Undelivered notifications for OpenClaw's heartbeat to surface, then mark read.
AI agents call pending_notifications to retrieve information from surveyHelper without modifying anything — typically the context-gathering step in research, monitoring, and reporting workflows, before the agent takes action elsewhere.
This tool retrieves notification data and performs a reversible read-status update. It is a pure read operation with a minor state mutation (marking as read). The scope is limited to notification metadata on a local machine (per server description), posing minimal risk if misused by an AI agent.
From the tool's definition Tool description states it surfaces undelivered notifications and marks them read. The verb 'surface' indicates retrieval/querying of existing notifications, and 'mark read' is a metadata state change (not destructive deletion).
Attacks that exploit this kind of access
Undelivered notifications for OpenClaw's heartbeat to surface, then mark read. It is categorised as a Read tool in the surveyHelper MCP Server, which means it retrieves data without modifying state.
Register the surveyHelper MCP server in PolicyLayer and add a rule for pending_notifications: allow, deny, rate-limit, or require approval. Point your MCP client at the PolicyLayer proxy URL and the rule is enforced on every call, before it reaches surveyHelper. Nothing to install.
pending_notifications is a Read tool with low risk. Read-only tools are generally safe to allow by default.
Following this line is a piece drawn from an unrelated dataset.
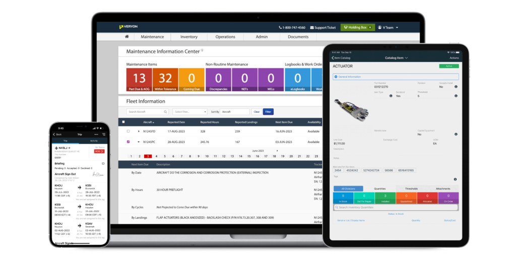 Powered by Veryon's open API architecture, these integrations allow maintenance tracking, scheduling, and operational systems to share data seamlessly, eliminating rework, increasing reliability, and reducing the time it takes to go from maintenance sign-off to wheels up.
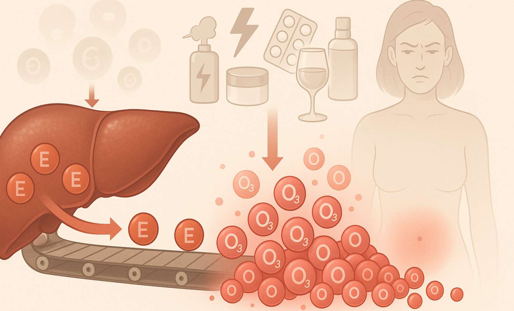 Die Leber muss wie eine Recycling-Anlage für Hormone arbeiten, die oft mehr bewältigen muss als vorgesehen. Wenn sie überlastet ist, stauen sich die alten Hormone im Körper – besonders Östrogen wird nicht mehr ausreichend abgebaut.

Yes. Add a rate_limit block to the pending_notifications rule in your PolicyLayer policy. For example, setting max: 10 and window: 60 limits the tool to 10 calls per minute. Rate limits are tracked per agent session and reset automatically.
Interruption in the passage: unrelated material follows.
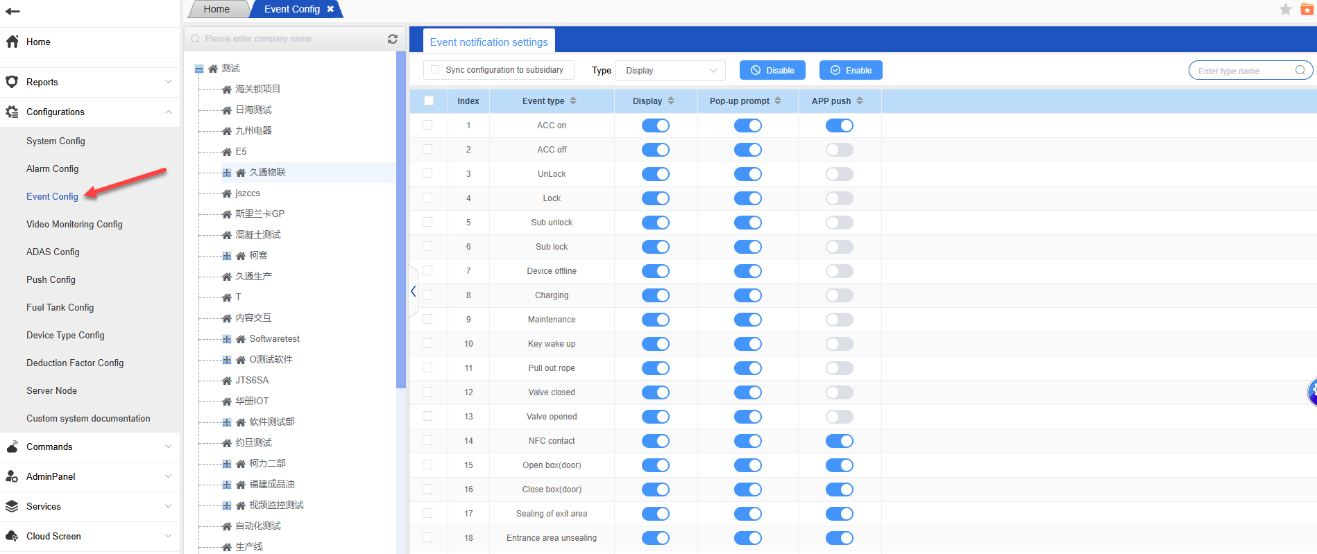 Event configuration is used to configure whether the events generated by each company need to be displayed, and if they need to be displayed, whether they need system pop-ups and APP push;

Set action: deny in the PolicyLayer policy for pending_notifications. The AI agent will receive a policy violation error and cannot call the tool. You can also include a reason field to explain why the tool is blocked.
pending_notifications is provided by the surveyHelper MCP server (rich7420/surveyhelper). PolicyLayer sits as a proxy in front of this server to enforce policies before tool calls reach the server.
Every MCP server has a record like this.
Type a name, get the same breakdown: verified identity, auth posture, risk grade, capabilities, recommended policy.